The rest of this post will explain how you can initialize this token and utilize it from GnuTLS applications, and in the process explain more about smart card and HSM usage in applications. For the official (and more advanced) Nitrokey setup instructions and tips you can see this OpenSC page, another interesting guide is here.

HSMs and smart cards

Nitrokey HSM is something between a smart card and an HSM. However, there is no real distinction between smart cards and Hardware Security Module from a software perspective. Hardware-wise one expects better (in terms of cost to defeat) tamper-resistance on HSMs, and at the same time sufficient performance for server loads. An HSM module is typically installed on PCI slots, USB, while smart cards are mainly USB or via a card reader.

On the software-side both smart cards and HSMs are accessed the same way, over the PKCS#11 API. That is an API which abstracts keys from operations, i.e., the API doesn't require direct access to the private key data to complete the operation. Most crypto libraries today support this API directly as GnuTLS and NSS do, or via an external module like OpenSSL (i.e., via engine_pkcs11).

Each HSM or smart card, comes with a "driver", i.e., a PKCS#11 module, which one had to specify on legacy applications.
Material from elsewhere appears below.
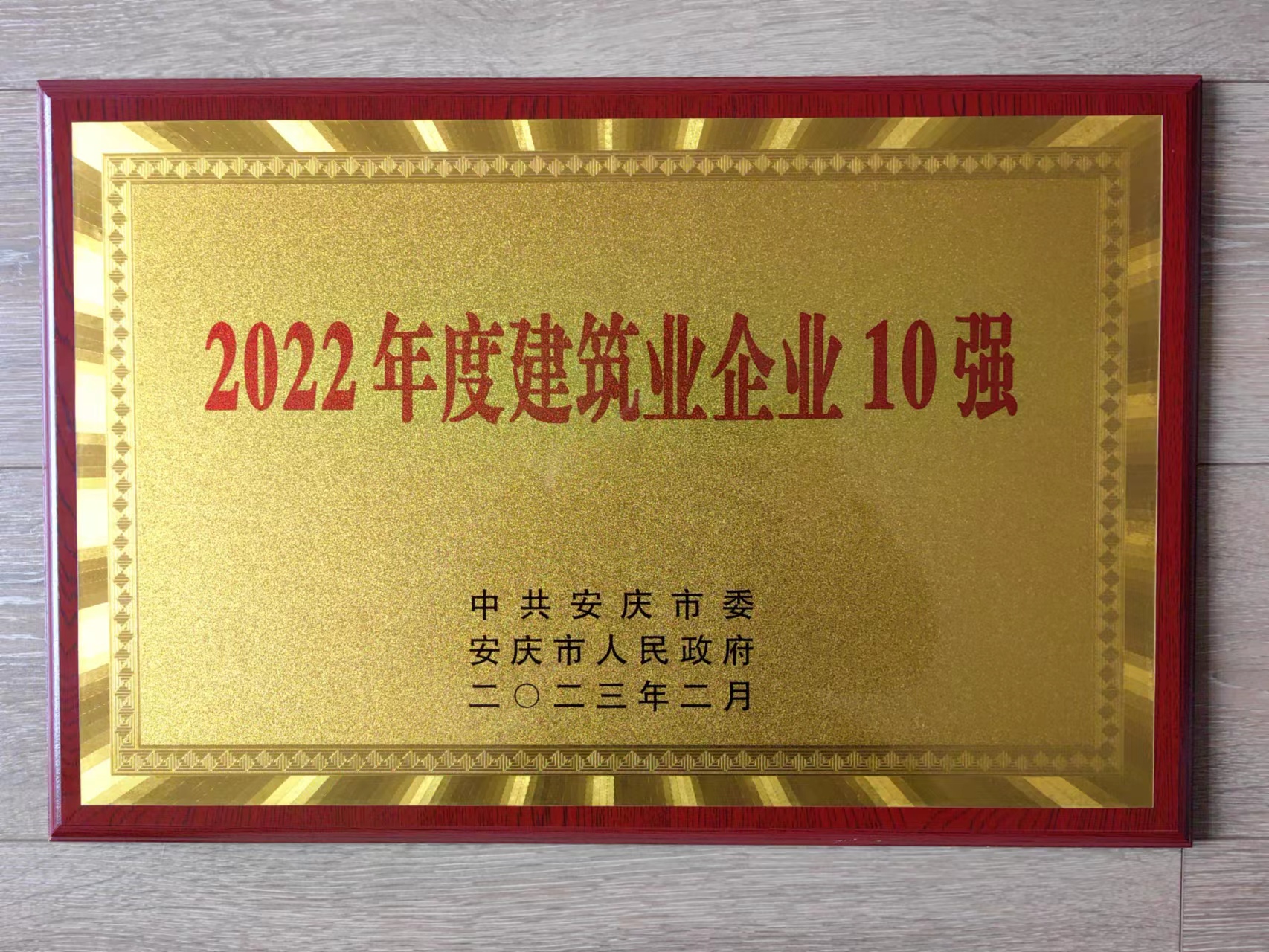 我公司榮獲安慶市“2022年度建筑業企業10強”榮譽稱號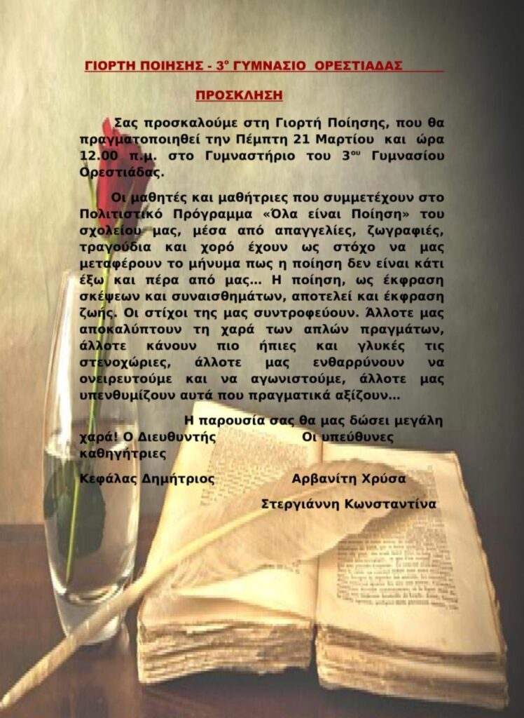 Στο πλαίσιο του Πολιτιστικού Προγράμματος «Όλα είναι Ποίηση» και με αφορμή την Παγκόσμια Ημέρα Ποίησης, την Πέμπτη 21 Μαρτίου 2024 και ώρα 12.00΄ θα πραγματοποιηθεί στο σχολείο μας, το 3ο Γυμνάσιο Ορεστιάδας, Γιορτή Ποίησης.

On modern systems, which have p11-kit, the available drivers are registered with p11-kit and applications can obtain and utilize them on run-time (see below for more information). For Nitrokey the OpenSC driver is being used, a driver for almost every other smart card that is supported on Linux.

If you are familiar with old applications, you would have noticed that objects were referred to as "slot1_1", which meant the first object on the first slot of the driver, or "1:1", and several other obscure methods depending on the application. The "slots" notion is an internal to PKCS#11, which is inherently unstable (re-inserting may change the slot number assignment), thus these methods to refer to objects cannot accommodate easily for multiple cards, or for referring to an object within a specific card if multiple are present, nor to easily utilize cards which are under the different drivers. More recent applications support PKCS#11 URIs, a method to identify tokens, and objects within the token which is unique system-wide; the URI looks like:

pkcs11:token=SmartCard-HSM;object=my-ecc-key;type=private

For GnuTLS applications, only PKCS#11 URIs can be used to refer to objects.
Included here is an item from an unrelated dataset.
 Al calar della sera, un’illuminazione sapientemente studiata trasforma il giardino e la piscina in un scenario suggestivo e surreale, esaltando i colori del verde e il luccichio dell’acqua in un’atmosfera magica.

Driver setup and token discovery

On a typical Linux system which runs the pcscd server, and has opensc and p11-kit properly installed the following command should list the nitrokey token once inserted.

    $ p11tool --list-tokens

One of the entries printed should be something like the following.

Token 5:
    URL: pkcs11:model=PKCS%2315%20emulated;manufacturer=www.CardContact.de;serial=DENK0100424;token=SmartCard-HSM20%28UserPIN%29
    Type: Hardware token
    Manufacturer: www.CardContact.de
    Model: PKCS#15 emulated
    Serial: DENK0100424
    Module: /usr/lib64/pkcs11/pkcs11/opensc-pkcs11.so

The above information contains the identifying PKCS#11 URI of the token as well as information about the manufacturer and the driver library used. The PKCS#11 URI is a standardized unique identifier of tokens and objects stored within a token. If you do not see that information, verify that you have all of pcsc-lite, pcsc-lite-ccid, opensc, gnutls and p11-kit installed. If that's the case, you will need to register the opensc token to make it known to p11-kit manually (modern distributions take care of this step). This can be done with the following commands as administrator.
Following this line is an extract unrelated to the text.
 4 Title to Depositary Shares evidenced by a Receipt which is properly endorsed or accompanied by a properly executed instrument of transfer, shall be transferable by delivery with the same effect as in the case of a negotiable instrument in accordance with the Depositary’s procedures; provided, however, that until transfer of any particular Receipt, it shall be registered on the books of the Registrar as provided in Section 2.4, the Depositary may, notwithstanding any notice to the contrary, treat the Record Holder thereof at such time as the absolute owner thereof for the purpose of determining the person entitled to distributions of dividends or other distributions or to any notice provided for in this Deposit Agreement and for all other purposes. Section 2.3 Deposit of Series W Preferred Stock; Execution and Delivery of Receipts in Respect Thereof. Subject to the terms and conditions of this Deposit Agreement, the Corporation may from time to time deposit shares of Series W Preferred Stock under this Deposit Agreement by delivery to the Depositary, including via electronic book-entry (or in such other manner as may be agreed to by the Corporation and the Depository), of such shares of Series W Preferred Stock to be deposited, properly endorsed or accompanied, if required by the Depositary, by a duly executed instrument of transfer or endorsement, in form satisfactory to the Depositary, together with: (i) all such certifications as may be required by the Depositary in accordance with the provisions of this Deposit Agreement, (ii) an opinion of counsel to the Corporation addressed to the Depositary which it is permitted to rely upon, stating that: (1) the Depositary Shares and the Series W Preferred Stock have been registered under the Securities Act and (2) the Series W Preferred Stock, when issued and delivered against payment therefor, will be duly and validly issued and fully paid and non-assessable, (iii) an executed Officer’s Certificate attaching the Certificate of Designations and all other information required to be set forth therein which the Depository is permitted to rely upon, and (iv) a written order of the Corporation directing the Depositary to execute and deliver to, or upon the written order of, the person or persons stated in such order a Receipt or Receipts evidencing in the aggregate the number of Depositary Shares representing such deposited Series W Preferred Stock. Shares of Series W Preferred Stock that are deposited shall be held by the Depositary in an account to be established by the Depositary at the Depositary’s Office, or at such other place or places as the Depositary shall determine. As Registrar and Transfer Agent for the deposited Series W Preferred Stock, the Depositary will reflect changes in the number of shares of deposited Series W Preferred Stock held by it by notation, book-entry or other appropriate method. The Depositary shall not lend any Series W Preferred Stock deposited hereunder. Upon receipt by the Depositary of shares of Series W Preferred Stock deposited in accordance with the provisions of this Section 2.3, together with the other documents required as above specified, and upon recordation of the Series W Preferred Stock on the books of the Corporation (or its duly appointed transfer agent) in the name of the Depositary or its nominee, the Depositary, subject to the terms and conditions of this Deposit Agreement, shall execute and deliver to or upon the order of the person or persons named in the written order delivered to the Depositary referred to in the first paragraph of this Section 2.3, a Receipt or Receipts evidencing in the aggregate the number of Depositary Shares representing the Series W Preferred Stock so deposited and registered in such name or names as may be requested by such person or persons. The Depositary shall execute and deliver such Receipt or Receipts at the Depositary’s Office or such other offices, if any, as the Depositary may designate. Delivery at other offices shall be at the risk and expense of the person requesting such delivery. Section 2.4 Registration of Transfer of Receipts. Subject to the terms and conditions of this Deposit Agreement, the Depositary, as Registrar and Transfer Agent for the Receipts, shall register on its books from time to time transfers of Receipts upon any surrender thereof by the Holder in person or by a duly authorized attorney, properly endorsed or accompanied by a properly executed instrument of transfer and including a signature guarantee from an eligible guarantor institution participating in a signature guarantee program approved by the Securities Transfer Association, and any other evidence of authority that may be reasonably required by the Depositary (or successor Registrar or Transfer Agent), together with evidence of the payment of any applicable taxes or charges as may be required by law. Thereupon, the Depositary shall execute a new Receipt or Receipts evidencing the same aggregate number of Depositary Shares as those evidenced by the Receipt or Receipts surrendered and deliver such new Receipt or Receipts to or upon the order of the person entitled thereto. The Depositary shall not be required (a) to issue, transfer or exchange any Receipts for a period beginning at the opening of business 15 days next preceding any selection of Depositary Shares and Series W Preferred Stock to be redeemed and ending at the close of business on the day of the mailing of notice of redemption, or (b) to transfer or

    # mkdir -p /etc/pkcs11/modules
    # echo "module: /usr/lib64/pkcs11/opensc-pkcs11.so" >/etc/pkcs11/modules/opensc.conf

It is implied that the your system's libdir for PKCS#11 drivers should be used instead of the "/usr/lib64/pkcs11" path used above. Alternatively, one could append the --provider parameter on the p11tool command, to explicitly specify the driver, as in the following example. For the rest of this text we assume a properly configured p11-kit and omit the --provider parameter.

    $ p11tool --provider /usr/lib64/pkcs11/opensc-pkcs11.so --list-tokens

Token initialization

An HSM token prior to usage needs to be initialized, and be provided two PINs. One PIN is for operations requiring administrative (security officer in PKCS#11 jargon) access, and the second (the user PIN ) is for normal token usage. To initialize use the following command, with the PKCS#11 URL listed by the 'p11tool --list-tokens' command; in the following text we will use $URL to refer to that.

    $ p11tool --initialize "$URL"

Alternatively, when the driver supplied supports a single card, the URL can be specified as "pkcs11:" as shown below.

    $ p11tool --provider  /usr/lib64/pkcs11/opensc-pkcs11.so --initialize "pkcs11:"

The initialization commands above will ask to setup the security officer's PIN, which for nitrokey HSM is by default "3537363231383830". At the initialization process, the user PIN will also be asked. The user PIN is PIN which must be provided by applications and users, in order to use the card. Note that the command above (prior to GnuTLS 3.5.6) will ask for the administrator's PIN twice, once for initialization and once for setting the user PIN.

Key and certificate generation

It is possible to either copy an existing key on the card, or generate a key in it, a key which cannot be extracted. To generate an elliptic curve (ECDSA) key use the following command.

    $ p11tool --label "my-key" --login --generate-ecc "pkcs11:token=SmartCard-HSM20%28UserPIN%29"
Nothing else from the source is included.